Тулупов сел на стул, уронил на колени тяжелые руки, вздохнул.
— Вот те и свобода… Та-ак… Свобода грабить. Да только чего грабить станете? Наличными не только пятьсот целковых — пятьсот копеек не помню когда в руках держал.
— А вот понятые… Опишем имущество, скот и с торгов пустим. А ты как думал?
— Так-так… Дожил Силантий… Царь за недоимки описывал, и своя власть туда же шкуру драть. Слышишь, сношенька?
— Несознательный ты все же человек, Силантий… для общества, — повел было миролюбиво Ахматов, но Тулупов ощерился, обрезал:
— Иди ты знаешь куда? Два мешка муки допреж верни! Больно высоко залетел, злыдня. Для общества! Мало я давал? Да я хоть сейчас в огонь!
«Ты — вряд ли, а вот других — только подавай!..» — подумал Щибраев. Остальные угрюмо молчали. Тулупов, спрятав глаза под бровями, о чем-то сосредоточенно думал. Затем медленно встал, потирая ладонями колени.
— Стало быть, описывать… И когда?
— Да уж не обессудь, со светом придем, коль не одумаешься.
— Хм… Погодите ужо, авось что-ничто придумаю. Наведаюсь вот к знакомцу одному, даст бог, добуду деньжат, — заговорил Силантий другим тоном, глядя в землю.
— Батюшка! — воскликнула Арина, распахнув глаза от изумления. И в голосе и в лице ее чувствовался неподдельный ужас.
— Ничего, ничего, сношенька… — успокоил ее свекор.
Солдатов уставился на него жестким недоверчивым взглядом выпуклых глаз, Щибраев — настороженно. А Тулупов продолжал:
— Только уж и вы того… скостите малость.
— Это никак невозможно. Общество порешило. Правление. По нашему закону… — поднял Ахматов к нему темное обветренное лицо.
— По закону! — закричала Арина. — Беспортошники! Выдумали себе закон, братца-дурака втянули, муженька юродивого приманили посулами, а теперь… Да только троньте добро мое! До самого губернатора дойду!
Солдатов только присвистнул.
— Цыц! Замолчи! — прикрикнул на сноху Силантий и, подавив вздох, продолжал обиженно: — Так уж водится: отдашь палец, ан глядь — всю руку оттяпали… Эх, где наше не пропадало! Да только чужое впрок не пойдет. А мы наживем… Руки-голова есть.

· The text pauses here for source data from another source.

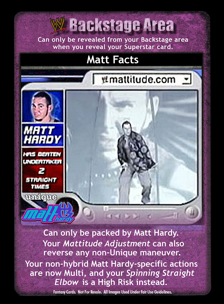Can only be packed by Matt Hardy. Your Mattitude Adjustment can also reverse any non-Unique maneuver. Your non-hybrid Matt Hardy-specific actions are now Multi, and your Spinning Straight Elbow is a High Risk instead.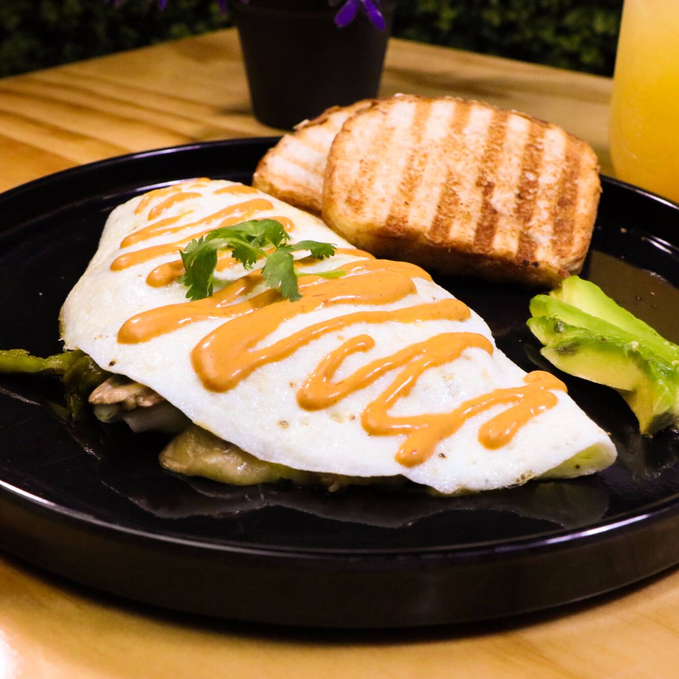 Claras de huevo con relleno a elegir , queso gouda, acompañado con aguacate, pan artesanal y frijoles de la olla.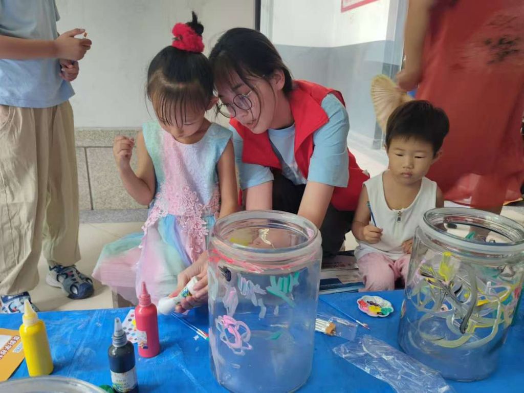 活动开始,社工认真向小朋友们讲解绘画技巧以及绘画中的注意事项。在社工的引导和鼓励下,孩子们充分发挥自己的想象,用画笔表现自己的想法,大家挥动着手中的画笔,用新奇的构思、大胆的设想,在玻璃罐涂上缤纷的色彩,在纸上绘制梦想蓝图。不一会,鲜艳的花朵、彩色的城堡、美丽的校园便跃然纸上,孩子们欣赏着自己的绘画作品,露出了充满成就感的笑脸。社工们将孩子们的绘画作品收集起来,设置“梦想明信片”,孩子们可以将梦想写在卡片上作为纪念,打造“作品展示区”、“梦想墙”,供小区居民观赏,增强社区的文化氛围。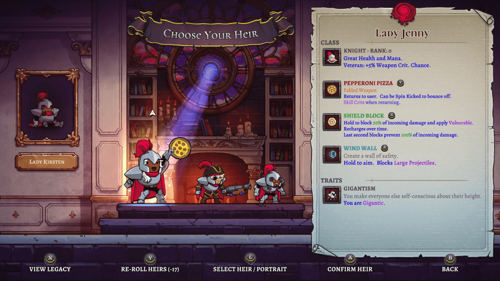 Rogue Legacy 2 is a game of skill now. The first game was challenging, but this time around the player has to master the spin kick, and if you fail to do that then the rest of the game is a wash. The spin kick is the most satisfying thing because later in the game you are able to recover dashes through this kick and soon after you are literally never touching the ground. The movement can never be outclassed because in Rogue Legacy 2 it has been perfected.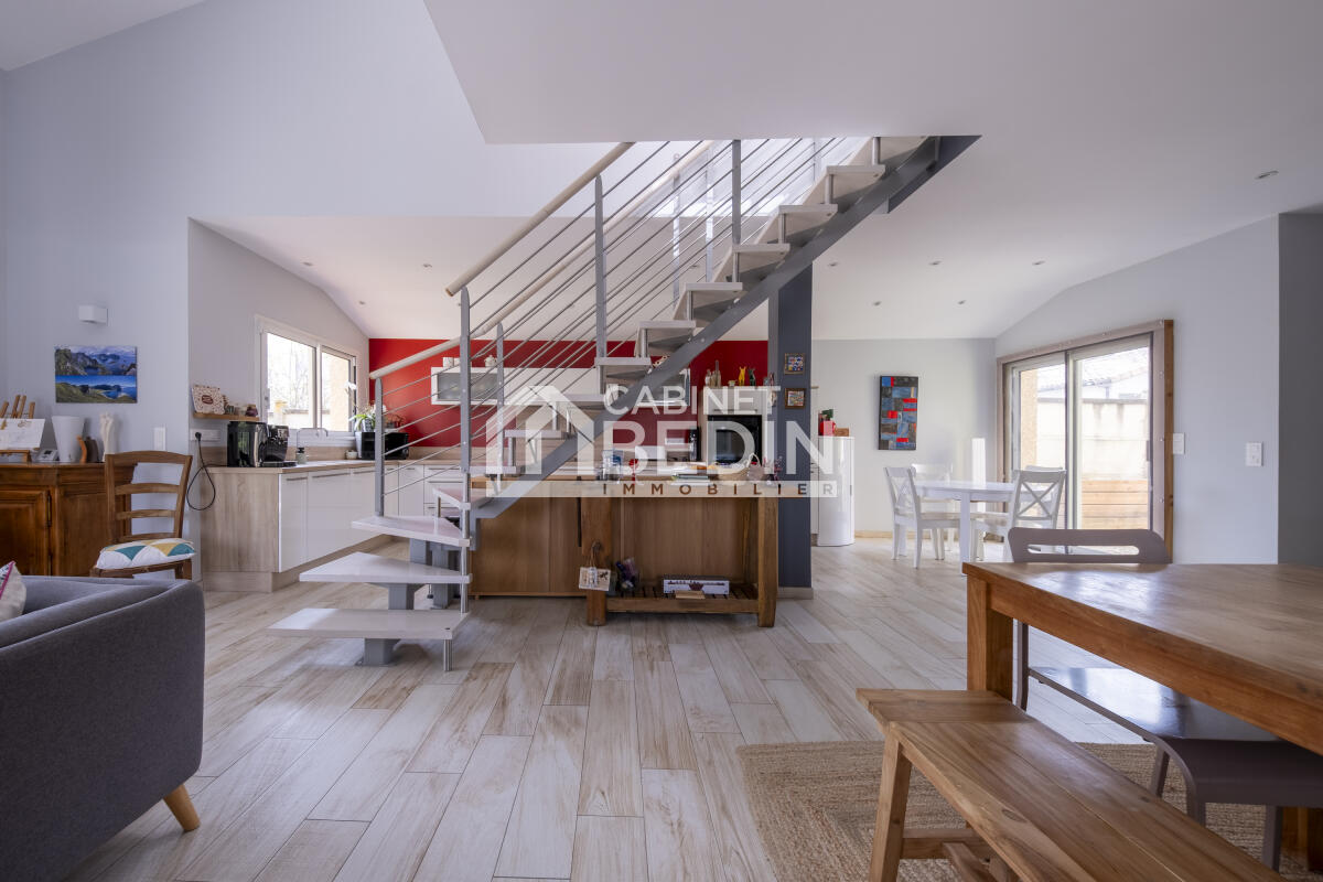 Maison contemporaine de 175 m² construite en 2015, offrant confort moderne et performance énergétique . Elle se compose d’une pièce de vie lumineuse ouverte sur le jardin, d’une suite parentale en rez-de-chaussée avec buanderie, et à l’étage de deux chambres avec mezzanine ainsi qu’une salle d’eau avec WC.

Арина плакала пискляво, навзрыд. Мужики смотрели на убивающуюся молодку, и никто не понимал, что это прорвалась так в ней болезненная страсть к накопительству, страсть, захватившая дочь нищего псаломщика с той поры, как она вкусила власти и изобилия в доме кулака Тулупова. К этому чувству приплелась не менее жгучая застарелая злоба на собственную недавнюю нищенскую жизнь до замужества. Уснувшая злоба как бы приоткрыла один глаз и обдала холодным страхом грудь Арины, а затем принялась точить ровно и настойчиво. Арина не замечала успокоительных взглядов, которые бросал на нее Силантий, мол, плюнь, не печалься. «Они думают — одолели меня. Сдался я, ха-ха! Погодят… Составили заговор и поверили дураки, что обвели меня вокруг пальца. Как бы не так! Уж если и придется потратиться, то не на этих… Наследнику, которого ты мне родишь, сношенька, будет всего вдоволь».